Em Cachoeira, trabalhava no Bradesco conforme, a seguir, me deu provas suficientes. Saída do banho ela trajava calcinha e sutiã feitos com um tecido com tramas de rede, único que vi em toda a minha vida. Eu lhe ofereci uma das minhas camisas para vestir e dormir, já que meus pijamas eram enormes para a mocinha.
Nas nossas conversas descobrimos uma afinidade com literatura e eu lhe ofereci um livro que tinha comprado recentemente. Ela ficou feliz, me pediu uma dedicatória que fiz com carinho, mas cheio de seriedade e respeito. Ela prometeu que voltaria e foi dormir. Eu cedi a cama de casal e dormi na caminha estreita no quarto de passagem. Acreditem!
Eu sempre tive muita confiança nas pessoas que conhecia e ensinei-lhe como deixar a chave de hóspede debaixo da porta. Na noite seguinte, quando cheguei do trabalho, a chave debaixo da porta, o carpete limpíssimo e até as torneiras das pias e lavatórios brilhavam. A casa estava “um brinco” e um bilhete sem assinatura dizia que voltaria e faria uma faxina ainda mais caprichada, brincava.
Os dias se passaram e como eu já me preparava para o casamento, recebi, em visita, minha mãe acompanhada de minha noiva. Justo no momento em que eu adentrei, junto com as duas, o apartamento, percebi sobre a porta uma correspondência. Abri a carta e li: era a moça do Bradesco de Cachoeira que me comunicava que chegaria naquela noite.
Foi a vez que consegui que minha noiva, mais tarde minha mulher, saísse de casa mais rapidamente e, foi também, a noite que ela e mamãe adoraram o jeito festivo dos baianos, na bem distante praia de Itapoã. Chegamos de volta era mais de meia noite.

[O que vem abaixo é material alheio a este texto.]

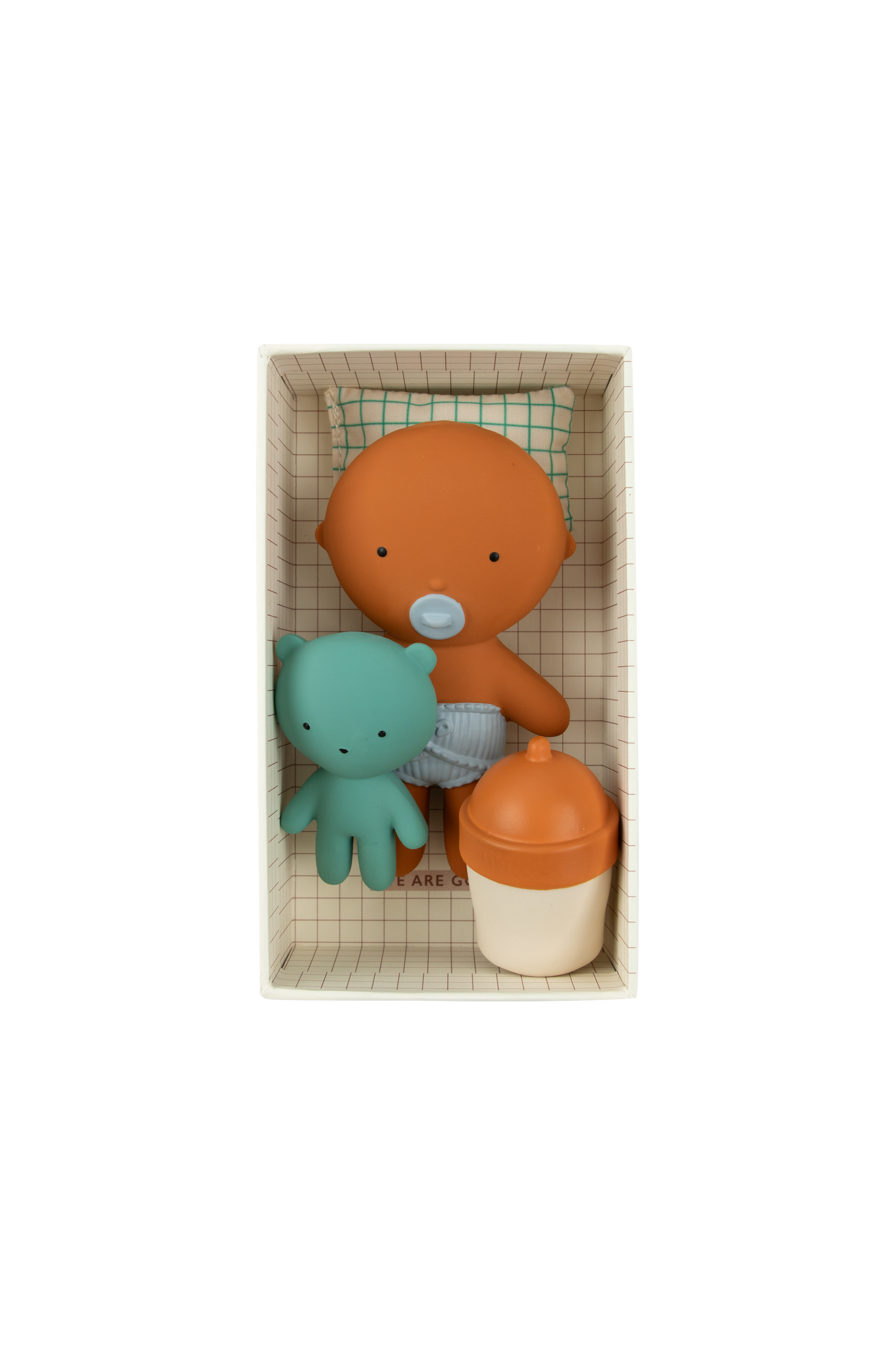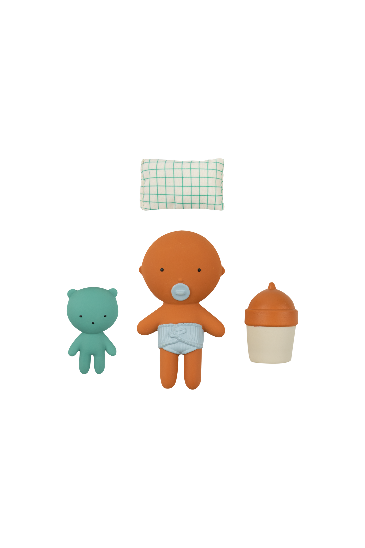Gommu family is getting bigger or maybe should we say smaller? Find Baby Gommu in POCKET size! Baby Gommu Almond comes with its best friend bear, a bottle of milk and a cushioned pillow for nap time. All these toys in one carboard bed for long hours of play!

Ao chegar o porteiro me comunicou que uma pessoa procurou por mim e ele disse que eu estava com visitas em casa… Segundo Zé Carlos, o porteiro, ela ainda disse: “parece que é costume dele sempre receber visitas…”
Mas, já viram, hoje com 72 anos e 23 de separado do casamento, sinto como o escritor argentino Jorge Luís Borges que disse que só se arrependia do que não fez. Até hoje, passados quase 37 anos, ainda tenho sonhos arrebatadores com a bela bancária de Cachoeira.